Dnyaneshwar Vidyapeeth Trust (DVT) is former open university in Pune, Maharashtra. It was founded by Dr. M. D. Apte in 1980 and registered as "Educational Trust". under the Registration of Societies Act, 1860 and a Public Trust registered under the Bombay Public Trust Act, 1960.

It is not a university under UGC act. The Bombay High court had in a 2005 order, said that Dnyaneshwar Vidyapeeth does not have any rights to award degrees, and that the degrees issued even before 2005 were invalid.

Manohar Joshi was chancellor of the organisation in 2003 but later the post of chancellor was abolished.

DVT used to run 33 franchises colleges across Maharashtra and Karnataka and offered diploma and degree courses in engineering.
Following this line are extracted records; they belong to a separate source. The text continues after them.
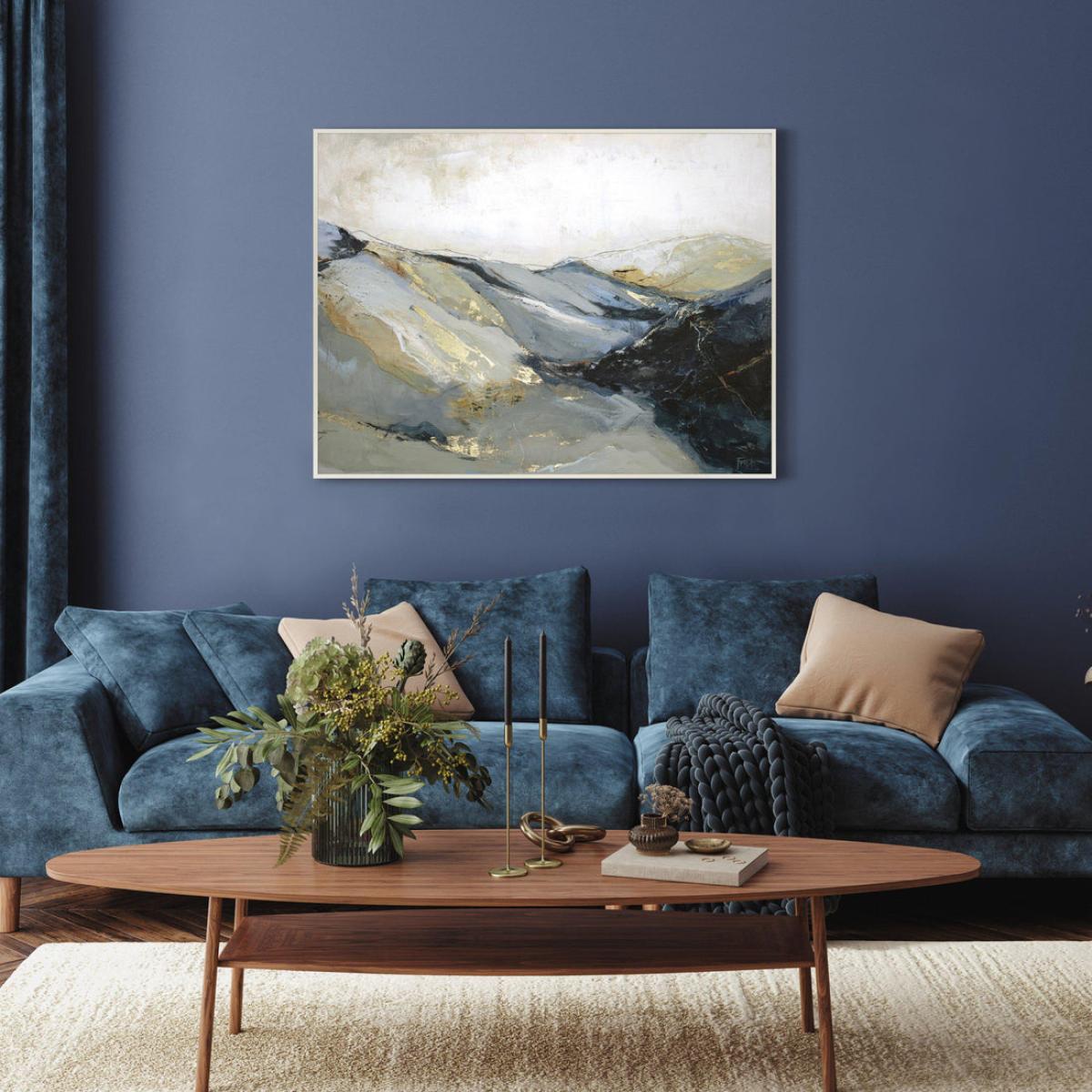 Witness the stunning abstraction of a rolling mountain range, where a stylish palette of deep blue, chalk white, and dove grey harmoniously assembles the highlands. Gold embellishments unfold, illuminating sections of the hillside, accentuating the terrain's texture and the play of light across the landscape. An extraordinary portrayal of nature's grandeur. Additional Information: Frame Width: 3cm Frame Colour:Pale grey Frame Material: Extruded Polyurethane and Pine Frame Dimensions: H:90 x W:120 x D:2.5cm Materials: PS, Canvas, Pine Assembly Required:Yes - Hanging Care Instructions:Dust the frame with a soft cloth or feather duster. Do not use glass cleaner as this could damage the frame finish.
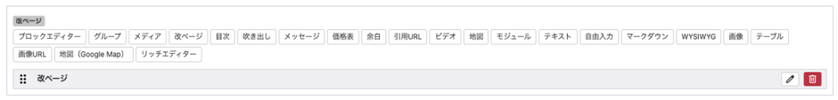 リッチエディターで利用できるデフォルトのブロック
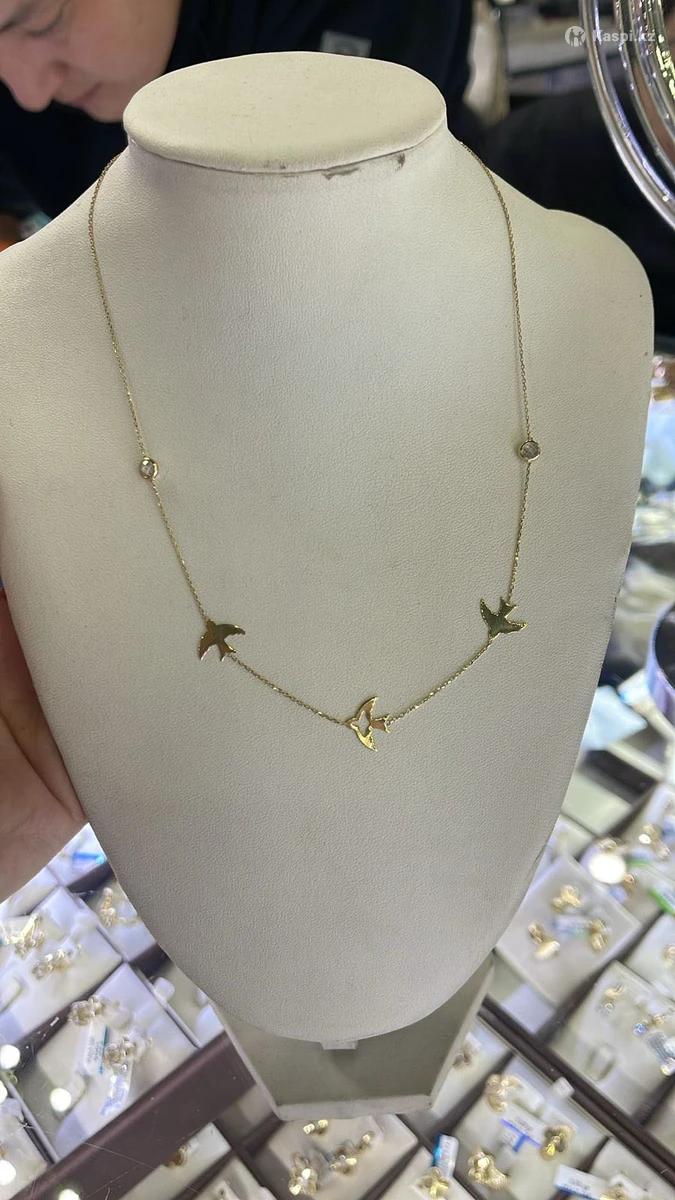 Новое колье 3-х мотивные Ласточки! Желтое золото 585 пробы! Италия! Шикарно смотрится на шее! Вживую красивее чем на фото! Вес 2,13 гр! Длина 45 см! Идеально подойдут для ваших Дам! Для себя любимой! Торга нету! Не писать и не звонит по поводу торга и т.д! Цена за изделия!
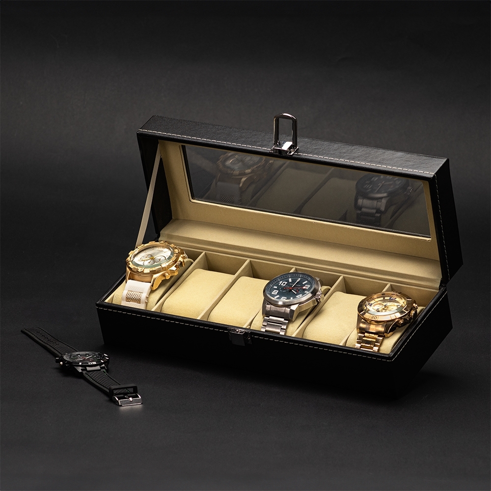 Porta-relógios com acabamento em couro sintético e interior revestido em veludo. Possui seis divisórias com almofadas removíveis, tampa com visor em acrílico e abertura em 90 graus, facilitando a visualização e o manuseio dos acessórios. Conta com trava de segurança para fechamento do estojo.
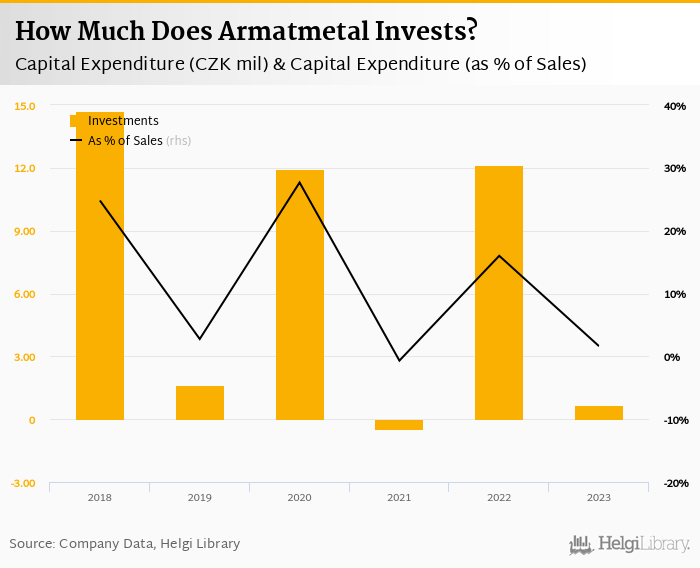 Armatmetal invested a total of CZK 0.658 mil in 2023, down 94.6% compared to the previous year. Historically, between 2018 - 2023, the company's investments stood at a high of CZK 14.7 mil in 2018 and a low of CZK -0.483 mil in 2021.
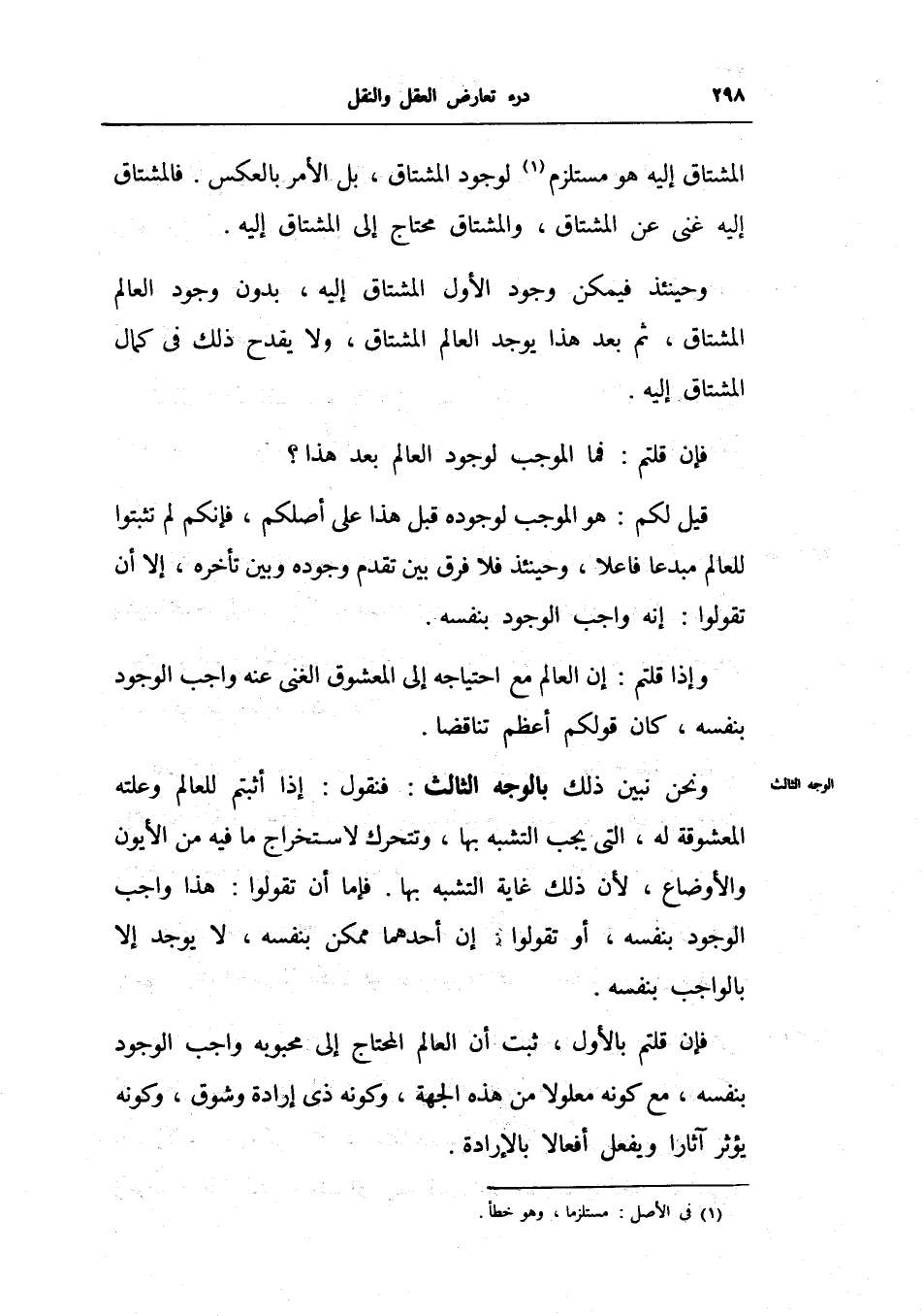 وحينئذ فيكم وجود الأول المشتاق إليه، بدون وجود العالم المشتاق، ثم بعد هذا يوجد العالم المشتاق، ولا يقدح ذلك في كمال المشتاق إليه.
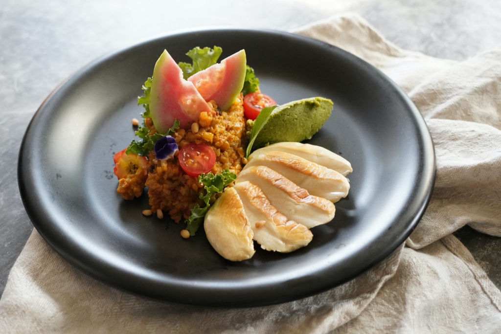針對女性十分在意的澱粉攝取,以熱量與與碳水含量極低,富含纖維質的「花椰菜米」取代精製澱粉,傾心創作「檸檬草春泥燉花椰米」。濃郁的毛豆泥佐花椰菜米燉飯,透過香茅檸檬醬汁的酸韻與檸檬香氣提升整體風味層次,搭配無毒培植的頂級「百靈菇」一起品嚐,肥厚鮮嫩的多汁口感,就算純蔬也超滿足。
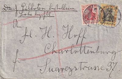 Inlandsbrief mit Eilzustellung vom 05.04.1916 frankiert mit einer Marke a 25 Pfennig (=25 Pfennig; 0 Brief 25 Eilzustellung); bei dieser gebührenfreien Dienstsendung
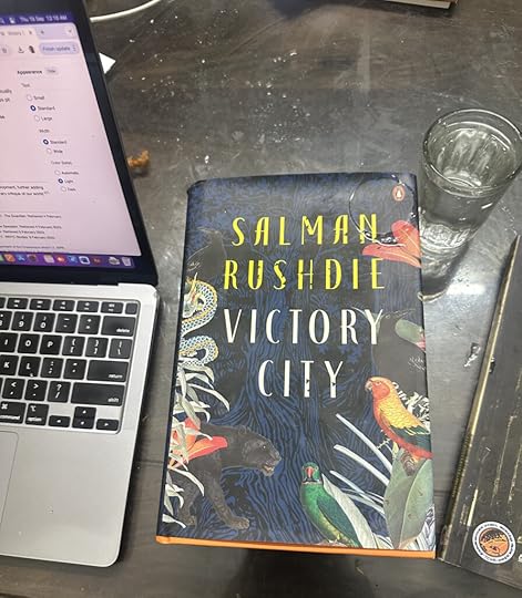 மலையாள எழுத்தாளர் பி கே பாலகிருஷ்ணன் ஒரு பேட்டியில் சொன்ன வரி சட்டென்று இந்த பின்னிரவில் நினைவுக்கு வந்தது. ஒரு படைப்பை படித்து முடித்த கணம் அந்த மேஜை எப்படி இருக்கிறது என்பது எப்படியோ அந்த படைப்பு உருவாக்கும் மனநிலையுடன் சம்பந்தப்பட்டது. சல்மான் ருஷ்தியின் Victory City நாவலைப் படித்து முடித்தவுடன் என்னுடைய மேஜையை ஒரு புகைப்படம் எடுத்துக் கொள்ள வேண்டும் என்று எனக்கு தோன்றியது. அருண்மொழி ஊரில் இல்லை. அவள் வீட்டில் இல்லாத போது வீடு எப்படி இருக்குமோ அப்படித்தான் மேஜை இருக்கிறது. அதாவது ஒட்டுமொத்தமாக ஒரு திறந்த குப்பைக் கூடை. அதன் நடுவே இந்தப் புத்தகம். மிக அழகாக தயாரிக்கப்பட்ட புத்தகம் பற்றி எனக்கு சாதகமாக ஏதேனும் சொல்வதற்கு இருக்கிறது என்றால் முதன்மையாக அது இது மட்டும்தான்.
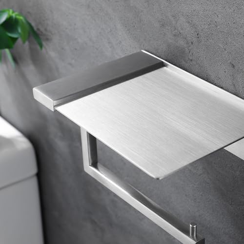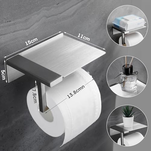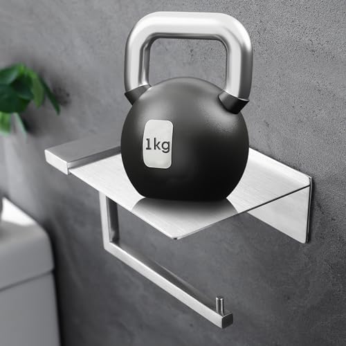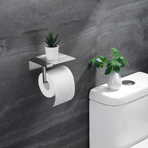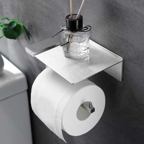 YIGII - حامل ورق تواليت مع رف - حامل ورق التواليت بدون حفر من الستانلس ستيل ذاتي اللصق للحمام من ييجي
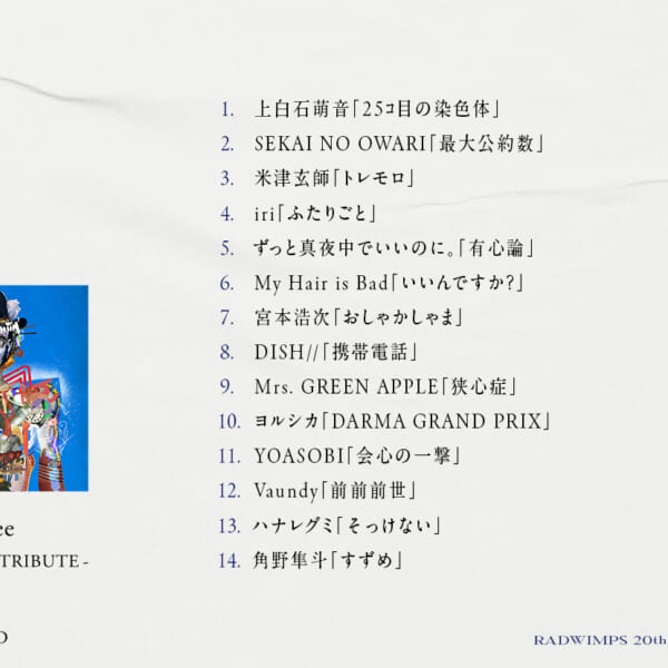 RADWIMPSが20周年記念のトリビュートアルバム『Dear Jubilee -RADWIMPS TRIBUTE-』をリリース sub3-9

Nearly 5,000 students enrolled every year at annual fees from Rs 22,000 to Rs 25,000. It ceased operations after a High Court order following a public interest litigation (PIL).

Controversy
In 2015, then Maharashtra Education Minister Vinod Tawde's name came in the limelight concerning an unrecognised engineering degree obtained from DVT.

Similarly, in 2020, Maharashtra Higher Education Minister Uday Samant's degree from the unrecognised institute called into question.